Li Lu, Thompson Connor, Henselman-Petrusek Gregory, Giusti Chad, Ziegelmeier Lori
Mathematics, Statistics, and Computer Science Department, Macalester College, Saint Paul, MN, United States.
Department of Mathematics, Purdue University, West Lafayette, IN, United States.
Front Artif Intell. 2021 Oct 11;4:681117. doi: 10.3389/frai.2021.681117. eCollection 2021.

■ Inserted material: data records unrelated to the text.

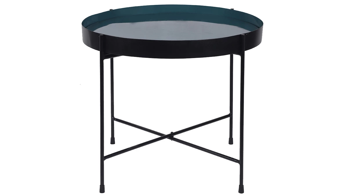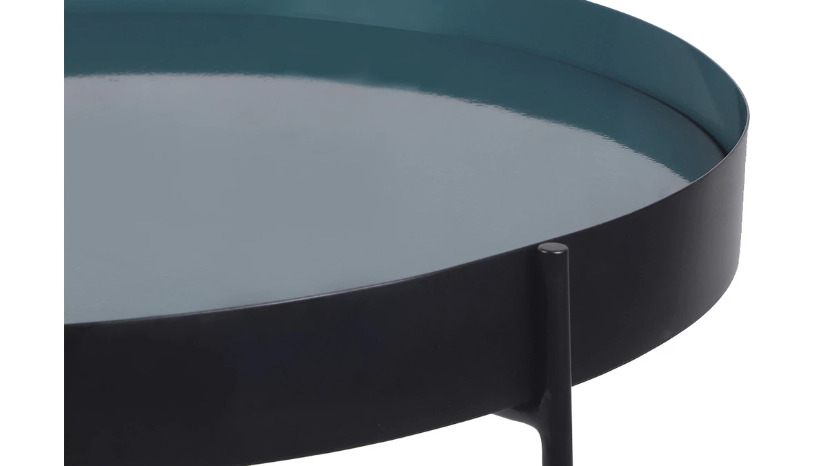 Cette table basse en métal possède un plateau amovible permettant de changer la couleur de la table en un tour de main. Bleu canard ou noir, à vous de choisir ! Cet astucieux système est une solution rapide et économique lorsqu’on veut assortir de nouvelles pièces de décoration au mobilier existant. Et qui dit amovible dit transportable. Ainsi grâce à son grand plateau, vous pourrez amener votre café à déguster près de votre canapé. SATEEN est une table basse qui s’adapte à toutes les situations.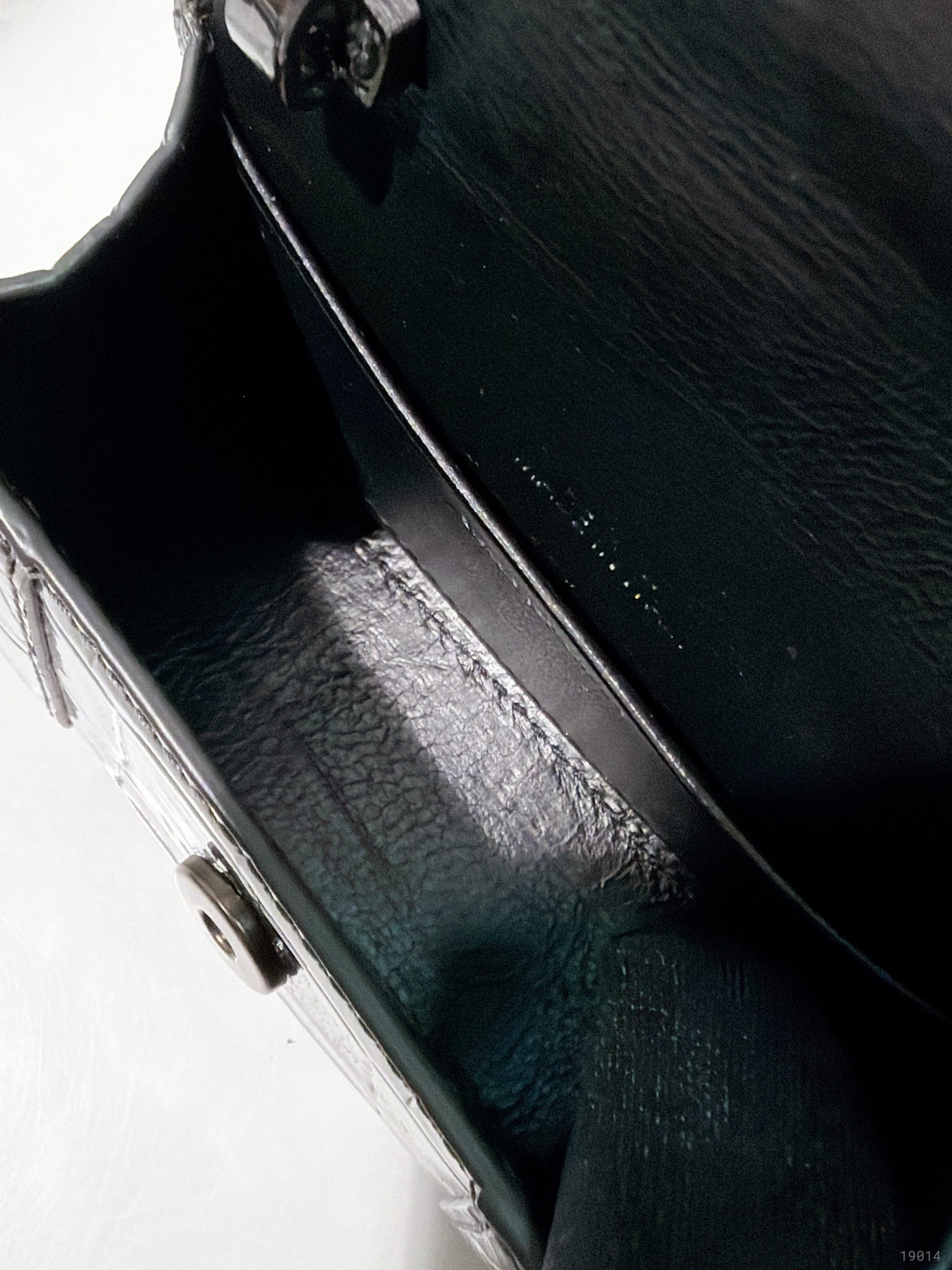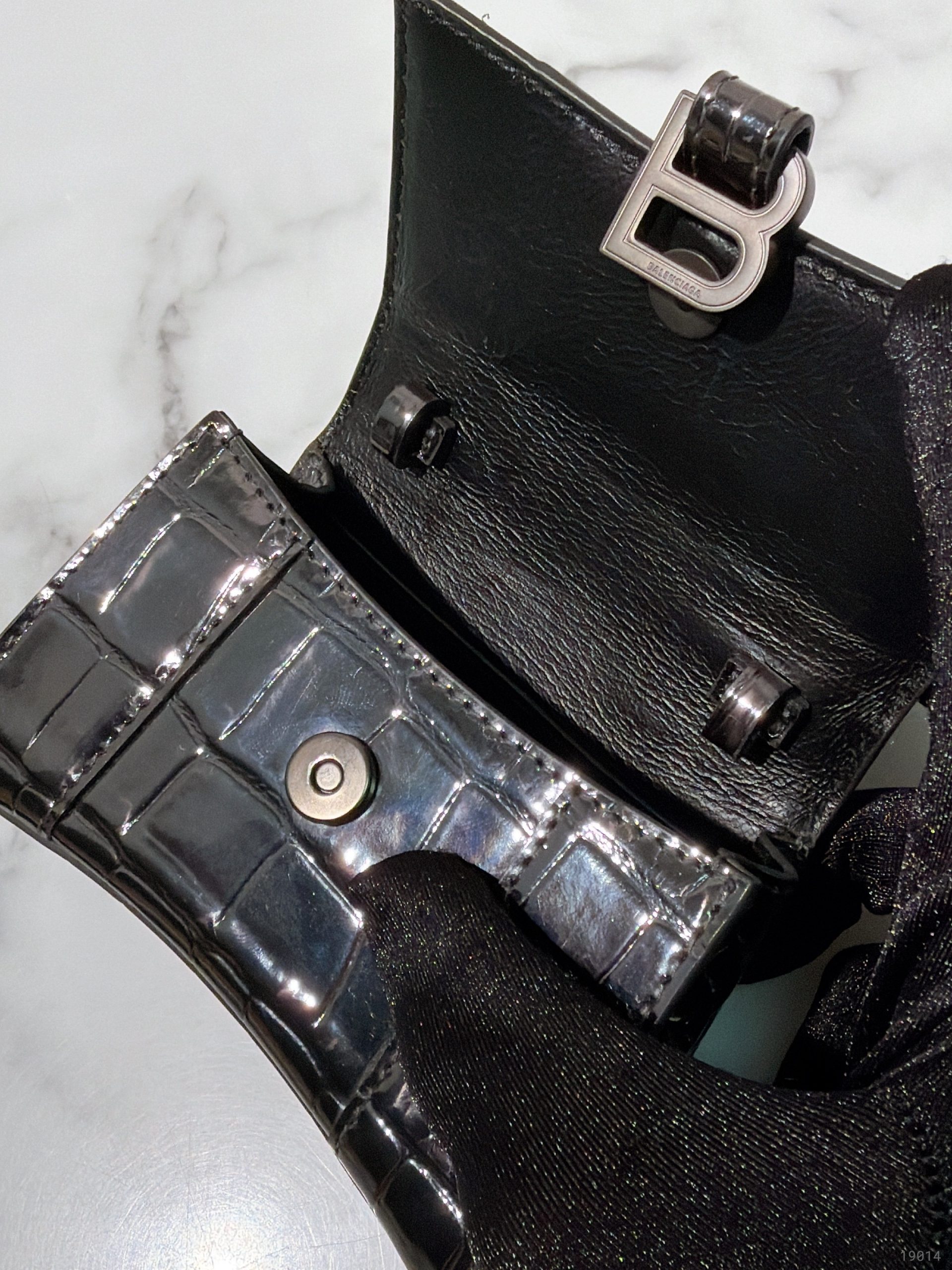 - Material: Crocodile-embossed shiny calfskin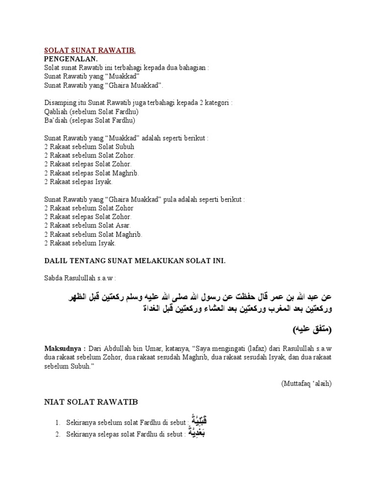 Solat sunat rawatib ialah solat sunat yang dikerjakan sebelum dan selepas solat fardu sebagai pelengkap atau tambahan untuk menampung kekurangan semasa mengerjakan solat fardu. Kelebihan solat sunat sebelum subuh, lebih baik dari dunia dan seisinya. .rawatib qobliyah & ba'diyah sebelum subuh, zuhur & setelah zuhur, maghrib, isya. Solat sunat ini dinamakan solat sunat mutlak kerana ia tidak bersebab (bukan kerana masuk ke masjid, bukan kerana solat sunat sebelum atau selepas solat fardhu, bukan untuk sesuatu hajat dan sebagainya). Solat sunat sebelum solat subuh. Waktu zuhur tiba sesaat setelah istiwa, yakni ketika matahari telah condong ke arah barat. Sunnah nabi dalam solat jumaat. Ia merupakan pelengkap bagi solat wajib yang bertujuan untuk mencari keredaan allah di samping menampung sebarang kekurangan ketika melakukan solat fardhu. أَرْبَعٌ قَبْلَ الظُّهْرِ كَعِدْلِهِنَّ بَعْدَ الْعِشَاءِ ، وَأَرْبَعٌ بَعْدَ الْعِشَاءِ كَعِدْلِهِنَّ مِنْ لَيْلَةِ الْقَدْرِ. Nas solat sunat asar(satu) setelah masuk waktu asar, selepas azan, maka disunatkan kita solat sunat sebelum solat fardhu asar. Solat sunat tahiyatul masjid dan solat sunat rawatib. ( tambahan 2 rakaat yang muakkad). Cuba kita lihat, mukadimah rasulullah saw sebagai pembuka bicara sebelum menganjurkan dan mngajarkan kepada saidina abbas ra berkenaan solat sunat tasbih ini.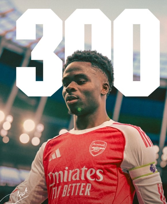 Pertandingan ini terasa semakin spesial bagi Saka karena menjadi penampilan ke-300 dirinya bersama tim utama Arsenal.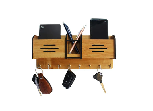 Wooden Mobile & Key Holder (Brown, Pack of 2)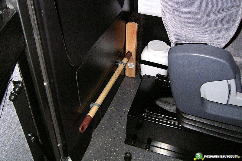 W kabinie fabryczne wyposażenie, miotła i pojemnik na płyn neutralizujący zabrudzenia podłogi.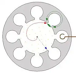 La cathode du magnétron est chauffée et produit des électrons libres qui se dirigent naturellement vers l'anode. Cependant, ils sont déviés vers la droite dès qu’on applique un champ magnétique perpendiculairement à la trajectoire du faisceau. Les électrons induisent un courant dans les parois des cavités qui varie alternativement avec l'approche et le passage des électrons de telle façon qu'une onde est créée dans chaque cavité. Celle-ci interfère avec le faisceau d'électrons pour les regrouper en bras tournant dans l'espace d'interaction. Cet échange entre les cavités et le faisceau d'électrons se stabilise à la fréquence de résonance des cavités. L'onde produite est utilisée dans les radars autant que dans les fours à micro-ondes.

Cycle representatives of persistent homology classes can be used to provide descriptions of topological features in data. However, the non-uniqueness of these representatives creates ambiguity and can lead to many different interpretations of the same set of classes. One approach to solving this problem is to optimize the choice of representative against some measure that is meaningful in the context of the data. In this work, we provide a study of the effectiveness and computational cost of several minimization optimization procedures for constructing homological cycle bases for persistent homology with rational coefficients in dimension one, including uniform-weighted and length-weighted edge-loss algorithms as well as uniform-weighted and area-weighted triangle-loss algorithms. We conduct these optimizations via standard linear programming methods, applying general-purpose solvers to optimize over column bases of simplicial boundary matrices. Our key findings are: 1) optimization is effective in reducing the size of cycle representatives, though the extent of the reduction varies according to the dimension and distribution of the underlying data, 2) the computational cost of optimizing a basis of cycle representatives exceeds the cost of computing such a basis, in most data sets we consider, 3) the choice of linear solvers matters a lot to the computation time of optimizing cycles, 4) the computation time of solving an integer program is not significantly longer than the computation time of solving a linear program for most of the cycle representatives, using the Gurobi linear solver, 5) strikingly, whether requiring integer solutions or not, we almost always obtain a solution with the same cost and almost all solutions found have entries in and therefore, are also solutions to a restricted optimization problem, and 6) we obtain qualitatively different results for generators in Erdős-Rényi random clique complexes than in real-world and synthetic point cloud data.
持久同调类的循环代表可用于描述数据中的拓扑特征。然而,这些代表的非唯一性会产生模糊性,并可能导致对同一组类有许多不同的解释。解决这个问题的一种方法是根据在数据背景下有意义的某种度量来优化代表的选择。在这项工作中,我们研究了几种最小化优化程序在构建一维有理系数持久同调的同调循环基方面的有效性和计算成本,包括均匀加权和长度加权的边损失算法以及均匀加权和面积加权的三角形损失算法。我们通过标准线性规划方法进行这些优化,应用通用求解器在单纯形边界矩阵的列基上进行优化。我们的主要发现是:1)优化在减小循环代表的规模方面是有效的,尽管减小的程度根据基础数据的维度和分布而有所不同;2)在我们考虑的大多数数据集中,优化循环代表基的计算成本超过了计算这样一个基的成本;3)线性求解器的选择对优化循环的计算时间有很大影响;4)使用Gurobi线性求解器,对于大多数循环代表,求解整数规划的计算时间并不比求解线性规划的计算时间长得多;5)引人注目的是,无论是否要求整数解,我们几乎总是得到具有相同成本的解,并且找到的几乎所有解的元素都在 中,因此,它们也是一个受限优化问题的解;6)对于厄多斯 - 雷尼随机团复形中的生成元,我们得到的结果与真实世界和合成点云数据中的结果在性质上不同。